Scottish PRS rent rises ‘among the highest in Britain’
The latest figures from the HomeLet Rental Index reveal that rents on new tenancies signed on a UK rental property outside of London over the three months to March 2016 were, on average, 4.9 per cent higher than in the same period of last year.
The figure in Greater London was 7.7 per cent higher than a year ago, although Scotland wasn’t far behind with an increase of 7.3 per cent in the same period, just ahead of the East Midlands with 6.8 per cent.
HomeLet’s research shows that rents continue to rise significantly ahead of inflation, with demand for property remaining strong.
London’s rental market, where the average rent on a new tenancy is now £1,536, continues to see rents rise more quickly than in other areas of the country.

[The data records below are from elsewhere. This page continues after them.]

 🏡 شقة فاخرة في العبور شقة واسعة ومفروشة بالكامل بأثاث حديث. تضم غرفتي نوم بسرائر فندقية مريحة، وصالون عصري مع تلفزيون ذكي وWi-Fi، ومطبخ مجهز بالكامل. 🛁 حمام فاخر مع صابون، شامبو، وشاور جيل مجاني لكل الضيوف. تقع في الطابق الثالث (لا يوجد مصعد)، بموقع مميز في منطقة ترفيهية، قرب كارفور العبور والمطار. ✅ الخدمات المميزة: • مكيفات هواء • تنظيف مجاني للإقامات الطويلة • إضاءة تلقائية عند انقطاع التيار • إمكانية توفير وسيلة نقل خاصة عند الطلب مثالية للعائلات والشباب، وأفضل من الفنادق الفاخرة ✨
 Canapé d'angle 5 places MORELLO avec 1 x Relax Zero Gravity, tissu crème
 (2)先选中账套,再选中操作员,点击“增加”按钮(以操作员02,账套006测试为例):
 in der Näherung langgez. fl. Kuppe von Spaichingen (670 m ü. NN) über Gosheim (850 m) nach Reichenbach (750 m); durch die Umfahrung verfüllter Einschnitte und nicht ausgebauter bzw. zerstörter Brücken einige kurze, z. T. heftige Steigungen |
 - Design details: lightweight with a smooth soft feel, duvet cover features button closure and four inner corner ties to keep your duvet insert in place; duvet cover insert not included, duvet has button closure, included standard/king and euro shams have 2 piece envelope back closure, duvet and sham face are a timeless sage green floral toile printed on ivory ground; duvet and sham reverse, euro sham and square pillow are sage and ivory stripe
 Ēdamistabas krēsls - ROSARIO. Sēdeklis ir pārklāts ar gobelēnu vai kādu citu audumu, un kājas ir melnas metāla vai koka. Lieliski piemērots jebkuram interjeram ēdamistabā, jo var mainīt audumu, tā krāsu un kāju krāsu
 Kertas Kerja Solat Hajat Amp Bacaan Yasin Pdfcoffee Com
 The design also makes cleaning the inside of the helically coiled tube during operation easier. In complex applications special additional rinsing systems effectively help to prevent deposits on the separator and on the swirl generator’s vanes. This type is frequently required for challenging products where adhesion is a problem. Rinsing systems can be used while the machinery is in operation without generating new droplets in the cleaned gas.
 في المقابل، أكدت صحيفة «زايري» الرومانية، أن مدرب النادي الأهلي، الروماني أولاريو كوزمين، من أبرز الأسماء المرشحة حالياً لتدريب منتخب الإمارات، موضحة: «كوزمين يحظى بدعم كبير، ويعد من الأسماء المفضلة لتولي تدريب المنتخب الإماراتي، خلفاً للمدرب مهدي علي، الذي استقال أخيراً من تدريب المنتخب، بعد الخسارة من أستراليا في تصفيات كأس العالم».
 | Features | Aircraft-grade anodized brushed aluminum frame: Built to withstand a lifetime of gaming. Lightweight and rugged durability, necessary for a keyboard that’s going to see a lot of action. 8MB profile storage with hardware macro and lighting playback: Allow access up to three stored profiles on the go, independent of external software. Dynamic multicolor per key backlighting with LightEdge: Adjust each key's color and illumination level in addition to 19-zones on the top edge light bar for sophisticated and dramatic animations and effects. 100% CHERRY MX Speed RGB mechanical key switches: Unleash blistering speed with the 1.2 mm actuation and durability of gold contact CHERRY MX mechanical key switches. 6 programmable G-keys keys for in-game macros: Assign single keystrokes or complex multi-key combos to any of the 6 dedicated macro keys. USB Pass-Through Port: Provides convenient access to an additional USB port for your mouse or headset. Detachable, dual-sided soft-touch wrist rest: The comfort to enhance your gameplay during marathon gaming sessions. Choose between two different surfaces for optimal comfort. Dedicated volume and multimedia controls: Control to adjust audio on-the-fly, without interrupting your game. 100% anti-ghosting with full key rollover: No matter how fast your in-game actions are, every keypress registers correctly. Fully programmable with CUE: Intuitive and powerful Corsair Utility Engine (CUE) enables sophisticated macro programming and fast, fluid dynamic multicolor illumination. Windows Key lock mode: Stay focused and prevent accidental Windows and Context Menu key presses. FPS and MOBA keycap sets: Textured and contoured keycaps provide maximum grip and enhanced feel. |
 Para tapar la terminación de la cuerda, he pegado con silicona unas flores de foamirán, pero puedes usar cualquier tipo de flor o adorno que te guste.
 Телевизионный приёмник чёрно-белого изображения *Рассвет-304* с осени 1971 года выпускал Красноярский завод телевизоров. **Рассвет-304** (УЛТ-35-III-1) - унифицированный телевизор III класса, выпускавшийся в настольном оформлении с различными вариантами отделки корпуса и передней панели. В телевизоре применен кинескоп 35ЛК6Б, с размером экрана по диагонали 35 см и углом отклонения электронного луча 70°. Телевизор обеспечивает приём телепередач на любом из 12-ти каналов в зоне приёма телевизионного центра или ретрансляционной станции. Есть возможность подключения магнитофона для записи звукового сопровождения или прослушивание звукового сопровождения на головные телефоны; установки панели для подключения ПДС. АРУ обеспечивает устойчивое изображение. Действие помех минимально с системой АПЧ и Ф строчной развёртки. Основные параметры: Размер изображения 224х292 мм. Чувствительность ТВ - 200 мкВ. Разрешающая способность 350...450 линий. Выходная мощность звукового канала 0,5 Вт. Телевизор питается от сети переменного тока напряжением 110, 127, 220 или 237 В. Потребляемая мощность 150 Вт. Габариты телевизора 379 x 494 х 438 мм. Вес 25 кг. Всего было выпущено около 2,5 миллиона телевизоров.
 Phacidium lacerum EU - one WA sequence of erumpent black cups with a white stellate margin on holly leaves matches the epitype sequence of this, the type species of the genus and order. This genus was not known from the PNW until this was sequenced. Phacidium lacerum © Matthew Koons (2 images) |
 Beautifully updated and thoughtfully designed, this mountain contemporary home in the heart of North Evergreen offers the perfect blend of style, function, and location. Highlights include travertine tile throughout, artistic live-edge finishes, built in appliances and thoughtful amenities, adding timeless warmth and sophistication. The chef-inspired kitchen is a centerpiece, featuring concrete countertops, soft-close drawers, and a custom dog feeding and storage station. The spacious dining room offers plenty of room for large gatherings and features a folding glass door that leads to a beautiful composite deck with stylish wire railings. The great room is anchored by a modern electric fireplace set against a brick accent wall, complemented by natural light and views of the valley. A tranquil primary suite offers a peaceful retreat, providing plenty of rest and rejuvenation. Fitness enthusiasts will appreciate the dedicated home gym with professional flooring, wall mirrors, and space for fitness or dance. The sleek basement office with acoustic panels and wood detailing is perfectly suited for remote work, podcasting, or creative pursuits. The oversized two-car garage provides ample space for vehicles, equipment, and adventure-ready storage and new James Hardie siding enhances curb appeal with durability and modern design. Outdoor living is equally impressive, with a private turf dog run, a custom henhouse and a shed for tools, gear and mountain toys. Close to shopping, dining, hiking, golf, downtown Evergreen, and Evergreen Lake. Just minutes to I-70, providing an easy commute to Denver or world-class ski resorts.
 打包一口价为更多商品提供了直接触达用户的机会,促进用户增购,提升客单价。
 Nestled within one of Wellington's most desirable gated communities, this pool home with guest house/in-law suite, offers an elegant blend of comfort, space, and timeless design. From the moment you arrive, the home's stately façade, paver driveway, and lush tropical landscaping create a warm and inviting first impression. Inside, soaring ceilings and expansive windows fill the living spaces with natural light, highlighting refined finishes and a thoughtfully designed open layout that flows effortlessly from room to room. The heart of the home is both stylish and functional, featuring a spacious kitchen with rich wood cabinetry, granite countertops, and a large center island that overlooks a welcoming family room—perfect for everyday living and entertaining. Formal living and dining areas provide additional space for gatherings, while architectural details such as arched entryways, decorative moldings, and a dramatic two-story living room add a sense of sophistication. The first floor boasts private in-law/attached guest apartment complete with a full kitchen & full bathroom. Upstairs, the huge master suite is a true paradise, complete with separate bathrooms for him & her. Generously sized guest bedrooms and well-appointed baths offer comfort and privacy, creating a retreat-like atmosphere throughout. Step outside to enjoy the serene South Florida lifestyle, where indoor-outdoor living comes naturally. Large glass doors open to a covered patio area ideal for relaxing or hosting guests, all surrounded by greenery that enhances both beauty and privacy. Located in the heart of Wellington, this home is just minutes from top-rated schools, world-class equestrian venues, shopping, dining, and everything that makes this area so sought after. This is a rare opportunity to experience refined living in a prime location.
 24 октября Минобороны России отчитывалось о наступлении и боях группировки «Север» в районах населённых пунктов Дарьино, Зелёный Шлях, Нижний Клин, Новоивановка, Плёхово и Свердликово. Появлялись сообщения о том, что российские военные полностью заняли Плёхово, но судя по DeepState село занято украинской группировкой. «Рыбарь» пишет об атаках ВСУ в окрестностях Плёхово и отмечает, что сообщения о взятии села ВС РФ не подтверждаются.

At 2.8 percentage points, the gap between rent rises on new tenancies in London and the rest of the UK, where rents average £755, was almost identical to last month (2.9 percentage points). Just one area of the UK, the North West of England, saw lower rents on new tenancies over the three months to March, with the HomeLet Rental Index recording a fall of 3.5 per cent over the year.
Martin Totty, Barbon Insurance Group’s chief executive officer, said: “We’ve continued to see increases in rents on new tenancies in almost every part of the UK during the first quarter, as the private rental market has responded to the pressures of an imbalance between demand and supply.
“However, external factors may now come into play: the stamp duty increase has already had an impact and that surge in the acquisition of property by landlords could now cause a short-term increase in the supply of rental property in some areas of the country. In the longer term, changes to rules around buy-to-let mortgage interest being offset against tax bills, coupled with the Bank of England’s instruction to lenders to apply more exacting criteria on buy-to-let lending, may have a limiting effect on supply. The data from the HomeLet Rental Index will be eagerly anticipated over the next few months as an indicator of the impact these changes have may have on the market.
“However, despite these factors, we expect the private rental sector to continue to play a crucial role in a housing market where population growth will continue for the foreseeable future according to official projections.”